If you were astute, you would have noticed I held up the British copyright law the Founders surely had in mind when they drafted the Constitution, the Law of Queen Anne (which claim I think I can easily validate since the first copyright law passed under the Constitution was an imitation of it), as a model of a good copyright law -- 14 years, extendible by another 14 at the request of the author, not the author's estate (which didn't create anything), not the author's publisher, just the author -- a return to those terms hardly results in CHAOS. There wasn't cultural CHAOS in the colonial times when the Law of Queen Anne was the copyright law governing what became these United States, nor through the Federal era when American copyright law had like terms.

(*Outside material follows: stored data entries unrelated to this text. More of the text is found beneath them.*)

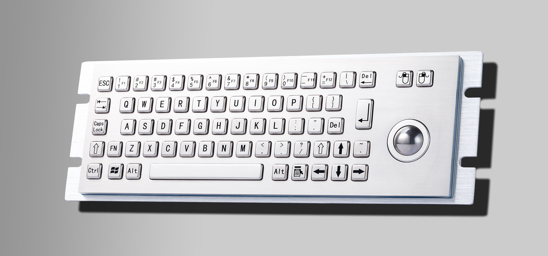 IP65嵌入式带触摸板工业键盘,上嵌入式安装方式67键紧凑布局,触摸板分辨率: 800dpi可进行精准快速光标定位,如F1-F12功能键需+FN组合键使用,内置电路采用工业级标准沉金PCB板。
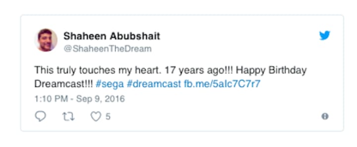 Sega wanted the Dreamcast to be a game changer and, in a lot of ways, it was. The dream didn't last long, though, as the system quickly lost steam leaving us with a lot of lost potential for the games it could have had. Despite it's rise and sudden fall, a lot of people look at the system fondly. This includes the people who worked on it such as Peter Moore, former COO of Sega of America, who tweeted a commemoration to his gone-to-soon baby.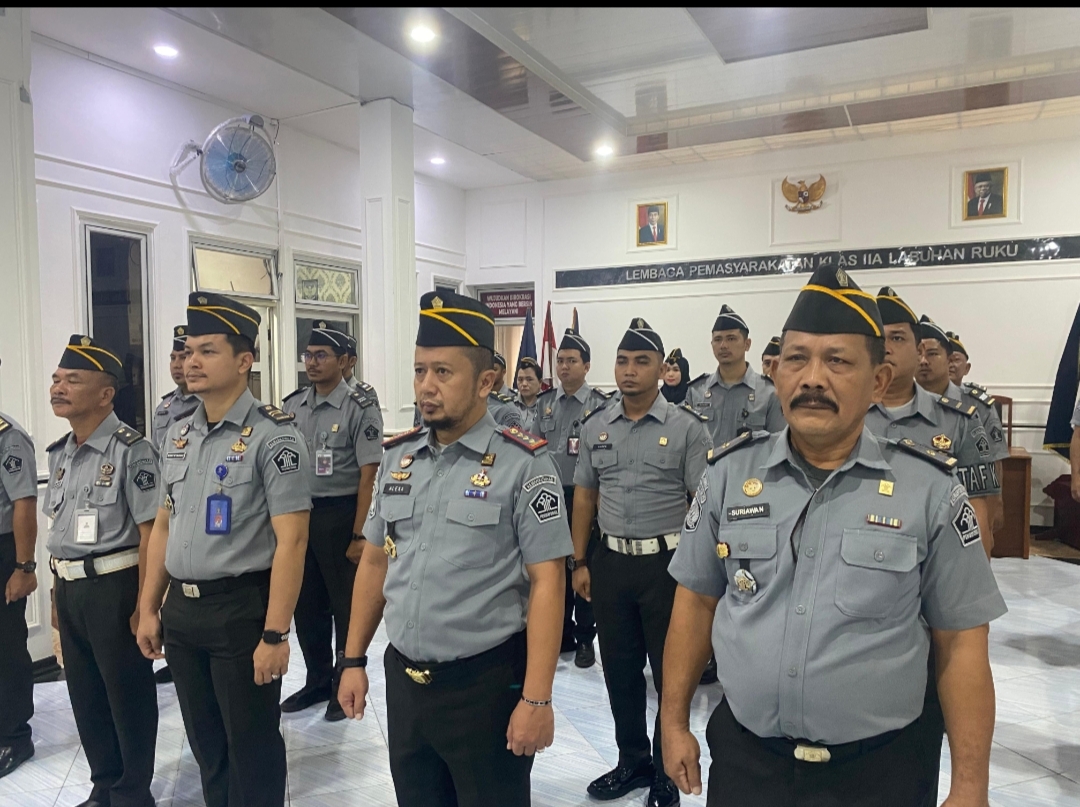 Kepada Berita, Kepala Lembaga Pemasyarakatan Kelas IIA Labuhan Ruku Alexander Lisman Putra melalui Rizky, Humas Lapas mengatakan upacara virtual dihadiri Pejabat Struktural dan Staf Lapas Labuhan Ruku Kementerian Hukum dan HAM (Kemenkumham) Republik Indonesia.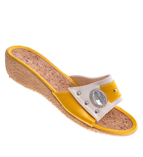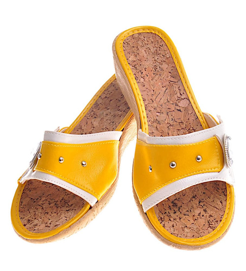 - Żółte klapki damskie na koturnie- wygodna propozycja do letnich zestawień.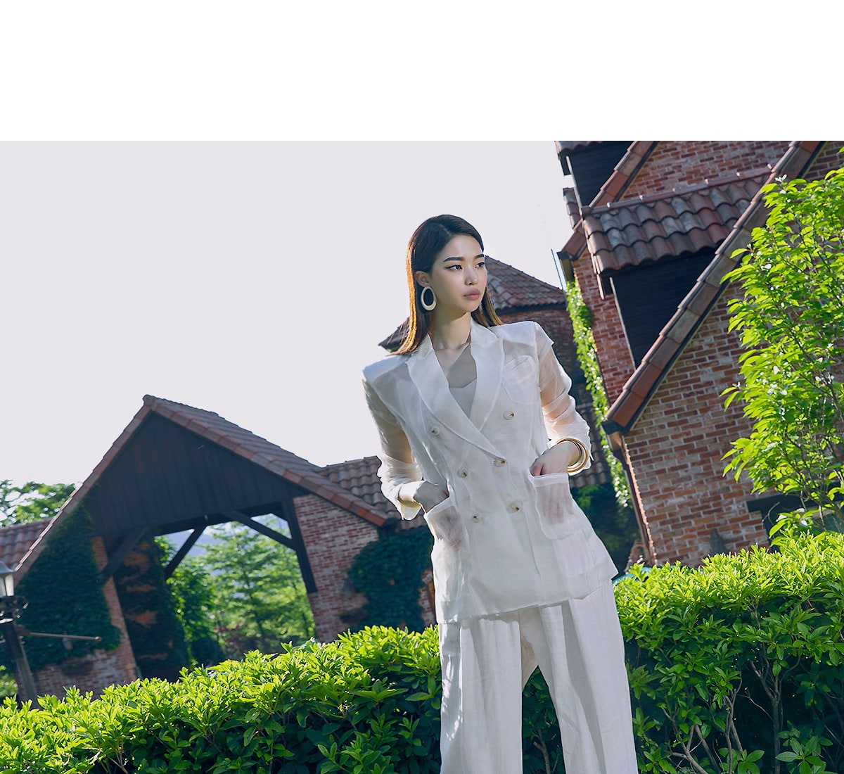 J-4963 더블 버튼 오간자 자켓 Ivory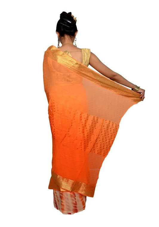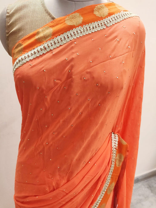 Designer Orange Silk Chiffon Zari Border Saree SP08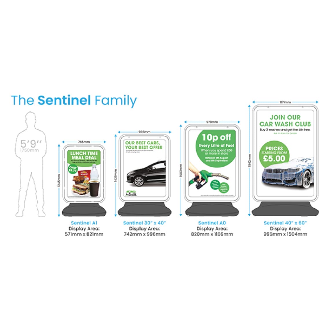 For outdoor use. display area 40 x 60 inch 1016 mm x 1522 mm.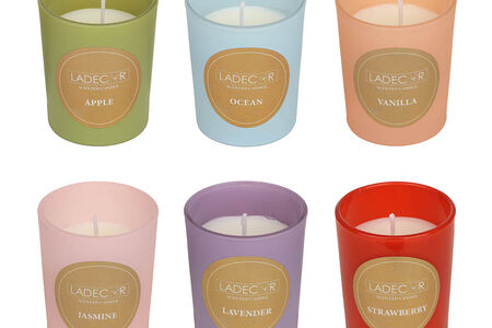 LADECOR Свеча в стеклянном подсвечнике, парафин, 5,5x6,7 см, 6 цветов доставка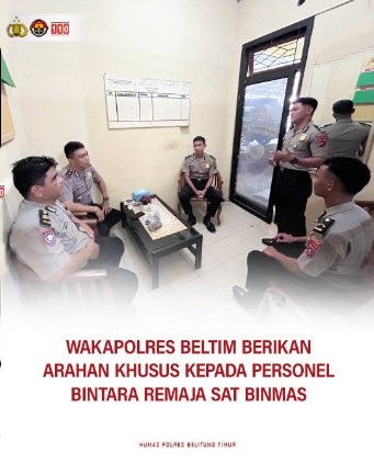 BabelEkspress.Com | JSCgroupmedia ~ Kompol Deddy Nuary, S.H., S.I.K., Wakapolres Belitung Timur, menegaskan komitmennya untuk terus memperhatikan proses regenerasi dan penguatan mental personel Bintara Remaja di jajaran Satuan Pembinaan Masyarakat (Sat Binmas) Polres Belitung Timur.

I'm mystified by your claim that being able to trace the provenance of art is somehow dependent upon copyright. We know who painted the Mona Lisa, who wrote The Canterbury Tales, who composed "The Lady Russell's Pavan", who wrote the Akathist Hymn to the Theotokos, even though da Vinci, Chaucer, Dowland and St. Romanos the Melodist painted, wrote, composed, and wrote, respectively, before there were any statutes analogous to copyright. Albrecht Durer made a very good living selling prints which he had no way of copyrighting, since there was no such thing (and we know which are his prints, the absence of copyright law in the times and places where he worked notwithstanding). He even provides an example of defending his brand in the absence of copyright law, because he successfully sued a copyist for fraud for passing off his prints as being by Durer.

Do reply to what's actually being said.

66 posted on 11/20/2014 3:08:50 PM PST by The_Reader_David (And when they behead your own people in the wars which are to come, then you will know...)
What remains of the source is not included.